[EXERCISE GOAL]:
Leave out the images; return the rest of the data exactly.

▽

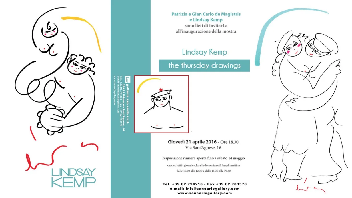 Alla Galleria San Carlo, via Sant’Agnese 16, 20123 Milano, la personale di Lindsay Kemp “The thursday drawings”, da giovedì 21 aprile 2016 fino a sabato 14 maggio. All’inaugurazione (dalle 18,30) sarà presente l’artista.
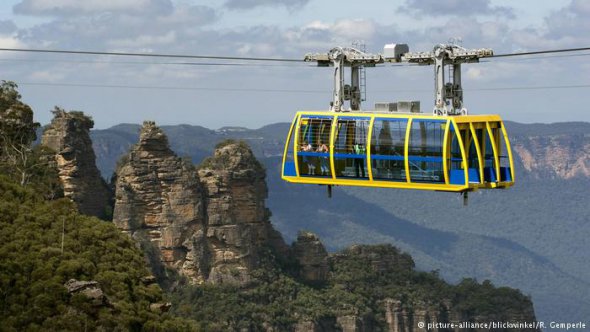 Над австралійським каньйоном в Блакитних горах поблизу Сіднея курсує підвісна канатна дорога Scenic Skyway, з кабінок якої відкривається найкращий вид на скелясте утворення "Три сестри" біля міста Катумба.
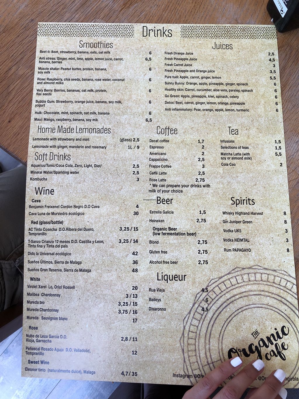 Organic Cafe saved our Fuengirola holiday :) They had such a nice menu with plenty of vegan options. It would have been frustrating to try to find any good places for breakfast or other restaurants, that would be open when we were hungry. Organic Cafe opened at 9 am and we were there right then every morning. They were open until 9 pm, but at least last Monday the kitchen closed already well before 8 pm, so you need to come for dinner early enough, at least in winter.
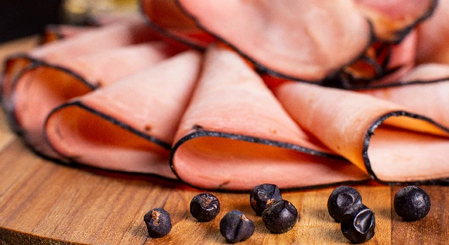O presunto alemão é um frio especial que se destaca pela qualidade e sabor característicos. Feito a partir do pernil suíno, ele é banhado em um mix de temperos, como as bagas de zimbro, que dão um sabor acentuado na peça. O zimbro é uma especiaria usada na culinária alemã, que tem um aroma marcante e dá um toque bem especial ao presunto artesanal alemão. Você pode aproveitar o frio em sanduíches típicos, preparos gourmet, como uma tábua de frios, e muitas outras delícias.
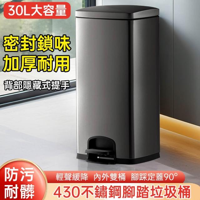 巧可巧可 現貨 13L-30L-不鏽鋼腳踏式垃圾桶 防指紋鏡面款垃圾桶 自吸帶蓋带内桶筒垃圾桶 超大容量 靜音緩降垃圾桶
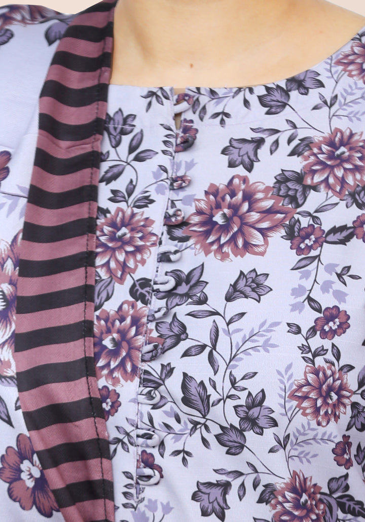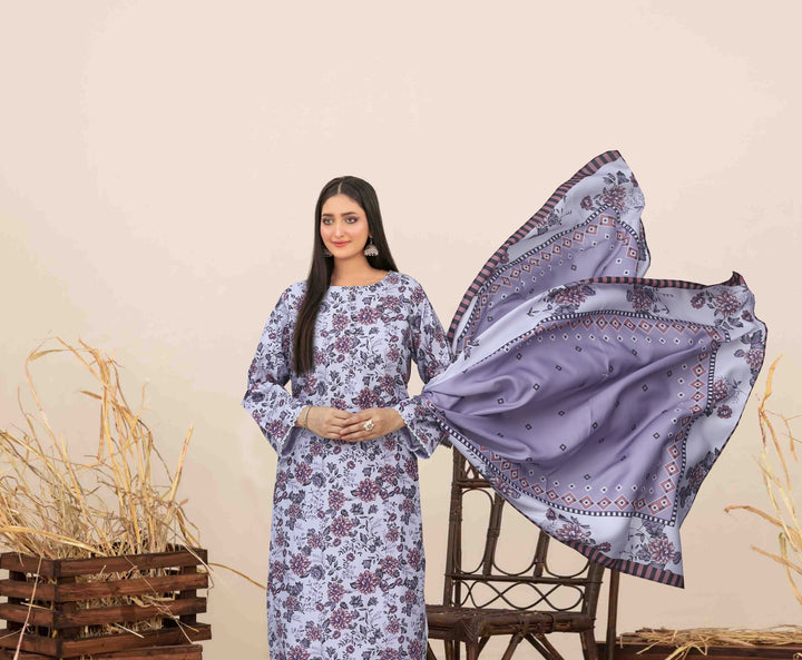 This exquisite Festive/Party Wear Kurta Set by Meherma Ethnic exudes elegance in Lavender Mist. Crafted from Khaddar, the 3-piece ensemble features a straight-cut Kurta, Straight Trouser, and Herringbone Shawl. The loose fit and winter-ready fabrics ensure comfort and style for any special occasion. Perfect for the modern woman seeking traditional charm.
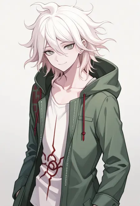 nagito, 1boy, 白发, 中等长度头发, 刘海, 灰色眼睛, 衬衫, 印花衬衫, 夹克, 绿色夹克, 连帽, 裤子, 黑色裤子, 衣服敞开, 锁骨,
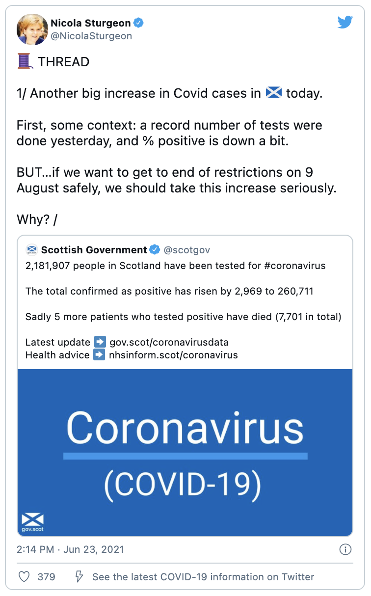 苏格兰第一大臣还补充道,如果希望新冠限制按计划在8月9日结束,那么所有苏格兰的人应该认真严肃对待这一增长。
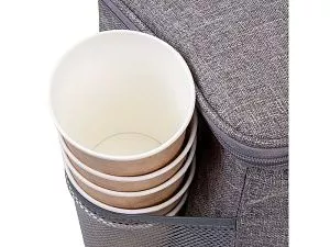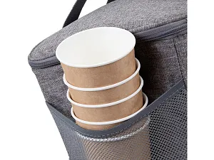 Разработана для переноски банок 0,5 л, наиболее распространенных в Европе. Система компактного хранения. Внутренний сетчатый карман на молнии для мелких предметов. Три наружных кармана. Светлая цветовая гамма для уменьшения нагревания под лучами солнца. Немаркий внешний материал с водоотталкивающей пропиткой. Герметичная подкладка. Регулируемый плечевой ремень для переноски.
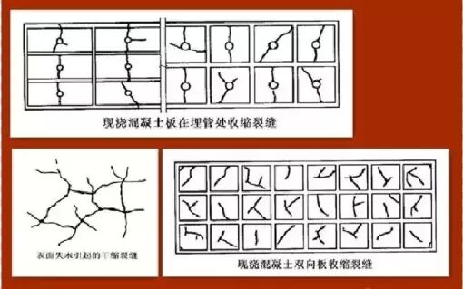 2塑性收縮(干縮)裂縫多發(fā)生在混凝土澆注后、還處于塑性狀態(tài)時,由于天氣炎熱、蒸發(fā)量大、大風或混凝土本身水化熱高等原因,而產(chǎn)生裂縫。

△

[ANSWER TO THE EXERCISE]:
 Alla Galleria San Carlo, via Sant’Agnese 16, 20123 Milano, la personale di Lindsay Kemp “The thursday drawings”, da giovedì 21 aprile 2016 fino a sabato 14 maggio. All’inaugurazione (dalle 18,30) sarà presente l’artista.
 Над австралійським каньйоном в Блакитних горах поблизу Сіднея курсує підвісна канатна дорога Scenic Skyway, з кабінок якої відкривається найкращий вид на скелясте утворення "Три сестри" біля міста Катумба.
 Organic Cafe saved our Fuengirola holiday :) They had such a nice menu with plenty of vegan options. It would have been frustrating to try to find any good places for breakfast or other restaurants, that would be open when we were hungry. Organic Cafe opened at 9 am and we were there right then every morning. They were open until 9 pm, but at least last Monday the kitchen closed already well before 8 pm, so you need to come for dinner early enough, at least in winter.
O presunto alemão é um frio especial que se destaca pela qualidade e sabor característicos. Feito a partir do pernil suíno, ele é banhado em um mix de temperos, como as bagas de zimbro, que dão um sabor acentuado na peça. O zimbro é uma especiaria usada na culinária alemã, que tem um aroma marcante e dá um toque bem especial ao presunto artesanal alemão. Você pode aproveitar o frio em sanduíches típicos, preparos gourmet, como uma tábua de frios, e muitas outras delícias.
 巧可巧可 現貨 13L-30L-不鏽鋼腳踏式垃圾桶 防指紋鏡面款垃圾桶 自吸帶蓋带内桶筒垃圾桶 超大容量 靜音緩降垃圾桶
 This exquisite Festive/Party Wear Kurta Set by Meherma Ethnic exudes elegance in Lavender Mist. Crafted from Khaddar, the 3-piece ensemble features a straight-cut Kurta, Straight Trouser, and Herringbone Shawl. The loose fit and winter-ready fabrics ensure comfort and style for any special occasion. Perfect for the modern woman seeking traditional charm.
 nagito, 1boy, 白发, 中等长度头发, 刘海, 灰色眼睛, 衬衫, 印花衬衫, 夹克, 绿色夹克, 连帽, 裤子, 黑色裤子, 衣服敞开, 锁骨,
 苏格兰第一大臣还补充道,如果希望新冠限制按计划在8月9日结束,那么所有苏格兰的人应该认真严肃对待这一增长。
 Разработана для переноски банок 0,5 л, наиболее распространенных в Европе. Система компактного хранения. Внутренний сетчатый карман на молнии для мелких предметов. Три наружных кармана. Светлая цветовая гамма для уменьшения нагревания под лучами солнца. Немаркий внешний материал с водоотталкивающей пропиткой. Герметичная подкладка. Регулируемый плечевой ремень для переноски.
 2塑性收縮(干縮)裂縫多發(fā)生在混凝土澆注后、還處于塑性狀態(tài)時,由于天氣炎熱、蒸發(fā)量大、大風或混凝土本身水化熱高等原因,而產(chǎn)生裂縫。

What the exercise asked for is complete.